Work to complete >> Your copy of the data should leave out the images and match everything else exactly.

[[ The data open ]]

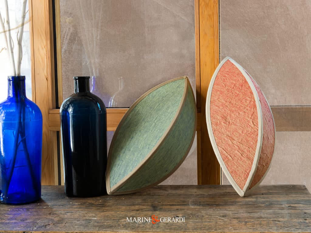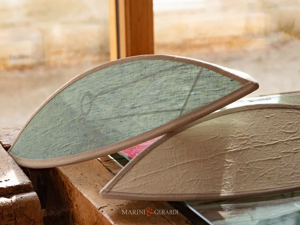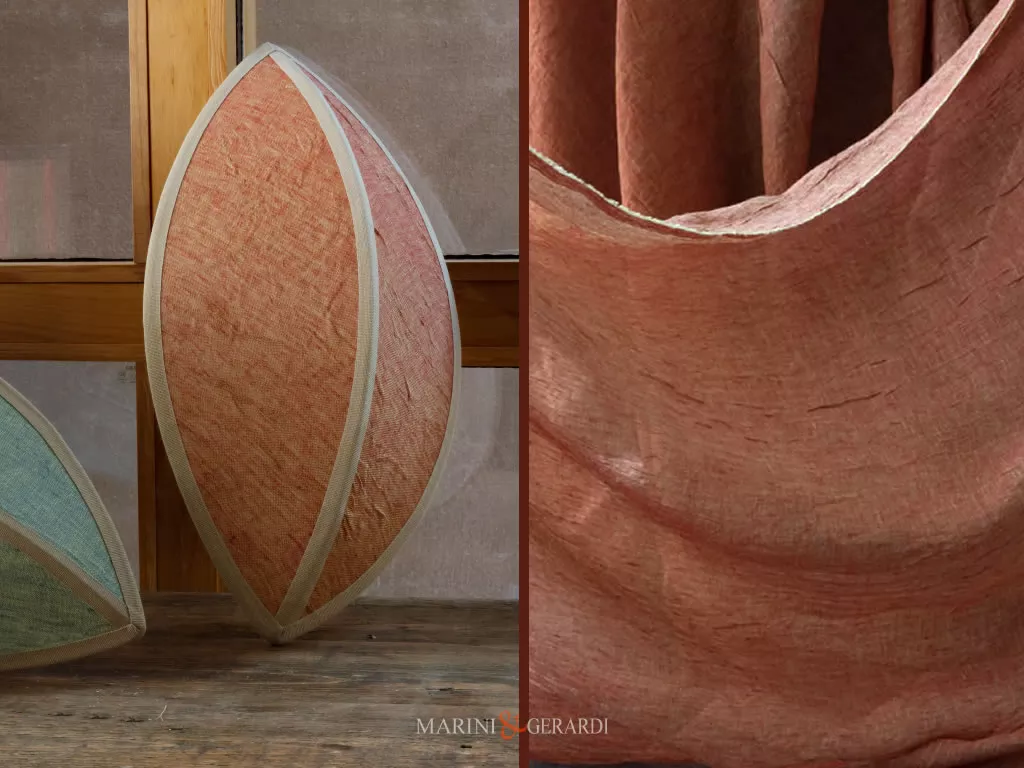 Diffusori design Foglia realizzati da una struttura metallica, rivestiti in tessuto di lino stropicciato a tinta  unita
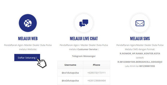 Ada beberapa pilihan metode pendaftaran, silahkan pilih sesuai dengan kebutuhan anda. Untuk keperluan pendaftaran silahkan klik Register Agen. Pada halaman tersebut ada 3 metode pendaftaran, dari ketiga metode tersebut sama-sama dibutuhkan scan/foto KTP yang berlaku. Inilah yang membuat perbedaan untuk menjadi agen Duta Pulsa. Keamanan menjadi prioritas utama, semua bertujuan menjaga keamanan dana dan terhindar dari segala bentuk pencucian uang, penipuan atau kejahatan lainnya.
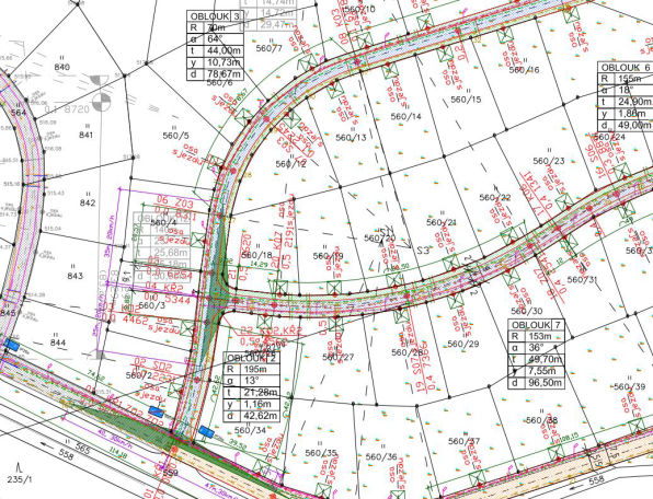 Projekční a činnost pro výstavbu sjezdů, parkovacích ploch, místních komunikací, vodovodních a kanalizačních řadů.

[[ The data closed ]]

Response box >>
 Diffusori design Foglia realizzati da una struttura metallica, rivestiti in tessuto di lino stropicciato a tinta  unita
 Ada beberapa pilihan metode pendaftaran, silahkan pilih sesuai dengan kebutuhan anda. Untuk keperluan pendaftaran silahkan klik Register Agen. Pada halaman tersebut ada 3 metode pendaftaran, dari ketiga metode tersebut sama-sama dibutuhkan scan/foto KTP yang berlaku. Inilah yang membuat perbedaan untuk menjadi agen Duta Pulsa. Keamanan menjadi prioritas utama, semua bertujuan menjaga keamanan dana dan terhindar dari segala bentuk pencucian uang, penipuan atau kejahatan lainnya.
 Projekční a činnost pro výstavbu sjezdů, parkovacích ploch, místních komunikací, vodovodních a kanalizačních řadů.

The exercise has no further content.